You’ll probably want to compare the URLs themselves also. For example, maybe a simple page, such as the login page, has very different text/layout (between old & new sites), but the URLs are the same, e.g. <https://example.com/login>

anything

2020-12-28 15:34:12

The Levenshtein distance is polynomial in the input size, so that’s good! I’m going to give it a try. Even if it’s slow, that’s fine because we’d run this just once per website release. But the result should be good, otherwise it’s better do it by hand. @badkins , that’s a very good point. I guess I’m going to have to experiment with that.
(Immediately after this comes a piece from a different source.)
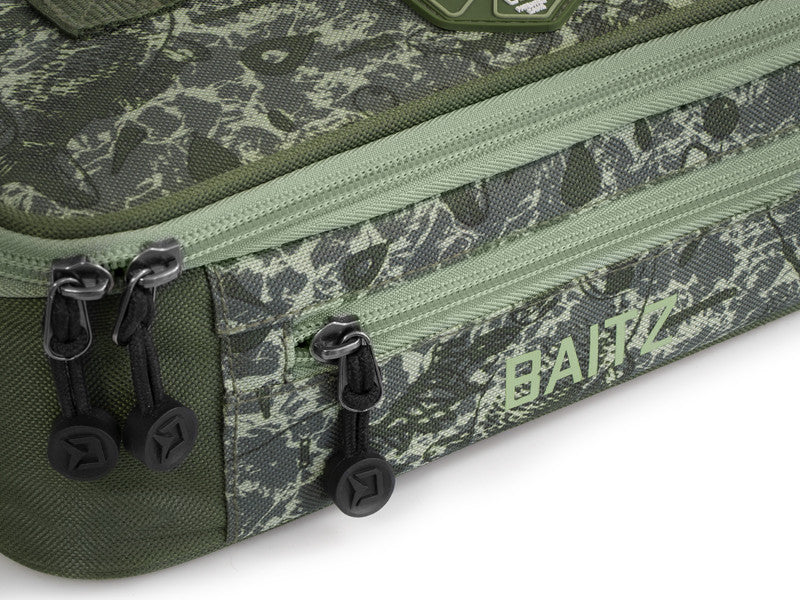 Стены и крышка сумки оснащены 6 мм плотной прокладкой. На крышке предусмотрён сетчатый карман для дополнительных рыболовных аксессуаров. Ещё одно преимущество — маленький передний карман для игл или стопоров для быстрой сборки оснастки.
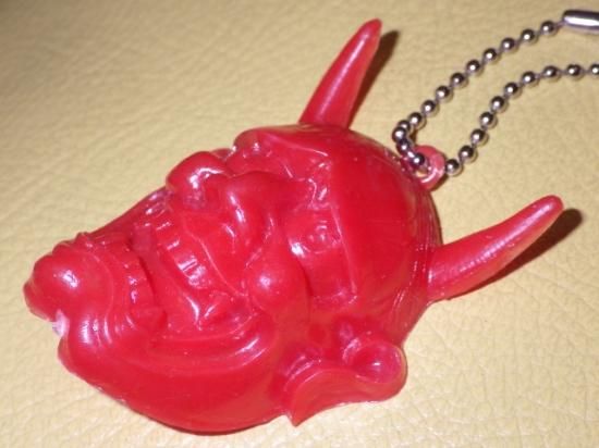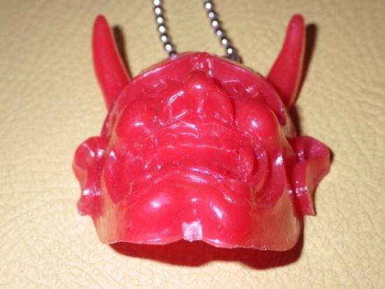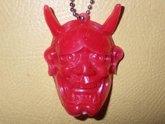 素材は硬いプラスチック、サイズはチェーンを除いた面のサイズで縦:6.0cm×横幅:4.6cmくらい、古い表情の般若がCOOLです♪

Maybe add scores, or choose the maximum between URL and page text or something like that.

soegaard2

2020-12-28 15:34:24

Do we have a render html to text-thingie somewhere?

badkins

2020-12-28 15:36:48

Solving this generally is probably harder than solving it for your organization in particular where the types of changes to URLs and pages are constrained somewhat, so maybe adding some heuristics that consider the type of changes expected may help.

badkins

2020-12-28 15:37:54

Phase 1 may be to identify the URLs and pages that are (nearly) identical, and remove them from the mix.

badkins

2020-12-28 15:38:24

And that could support a manual approach if you can’t fully automate it - at least the humans wouldn’t have to look at everything.

anything

2020-12-28 15:41:15

@soegaard2, the first thing that came to mind was to just remove all tags with a regular expression and consider the resulting string as the text, removing extra spaces, say. @badkins, URLs will never be identical I think — considering only the path part. They might share one or two words, though. But, yes, there is no ambition here to fully automate it. The idea is just to help the human that will have the final say. I’ll build just the suggested mapping. Because the human in charge knows both websites, just by looking at the URLs, s/he will know whether that’s right or wrong.

badkins

2020-12-28 15:43:00

@anything by identical, I was referring to comparing the URL & page on the old & new sites i.e. pages where nothing has changed

badkins

2020-12-28 15:43:41

another way to put it - identify all the URLs that don’t need a redirect :)

anything

2020-12-28 15:46:11

This will never happen. All pages are always different (in my situation). There are pages we won’t redirect — some users will just get 404, file not found. So if my program is able to compute a score of best similarity and this score is too low, we might ignore that mapping. But there will be no page that would share the same exact HTTP path such that it needs no redirection. In 100% of our cases, the whole thing is different. (Or perhaps I haven’t understood what you’re saying at all. :slightly_smiling_face: )

soegaard2

2020-12-28 15:47:12

Found this! (But the code is old…) https://github.com/soegaard/little-helper/blob/master/html-to-txt.rkt

anything

2020-12-28 15:48:03

You’ve done it! Let me try it! Thanks great! Thank you so much!

badkins

2020-12-28 15:49:09

@anything now I’m curious :) Do you have a link?

anything

2020-12-28 15:49:59

Link to a website example? I probably wouldn’t have one that would include an old website right now, but let me ask my team. We might have one.

badkins

2020-12-28 15:51:00

I assumed you were referring to a large website that has a fraction of pages modified when the new one is released, so I’m trying to envision a site where everything changes when released!

anything

2020-12-28 15:56:04

Oh, I see what you’re saying. But, no, what we do is a radically new website in which everything is changed. And, by the way, these are never big websites. Everything is small. We take clients with a, say, wordpress website and build it from scratch using totally different back and frontend solutions, with new content (more or less), new images, new everything. Clients ask that we forward people from old-important URLs to new URLs that take the same function as that old one. (Just so we don’t give them a file not found error if they try. But unimportant pages are fine to just blow a file not found error.)

soegaard2

2020-12-28 15:57:24

I think, there is a good chance you could find an existing tool. But it is less fun :slightly_smiling_face:

anything

2020-12-28 15:58:38

Now I’ll search deeper. :slightly_smiling_face: I could use one… At least while I work on a Racket solution. At least I can decrease our release-time. The person that does this reports that it can take one or two days to get this done.

anything

2020-12-28 15:59:30

@badkins Here’s an example. Old: http://www.stranahanfoundation.org/ New: http://asoft200183.accrisoft.com/stranahan (edited)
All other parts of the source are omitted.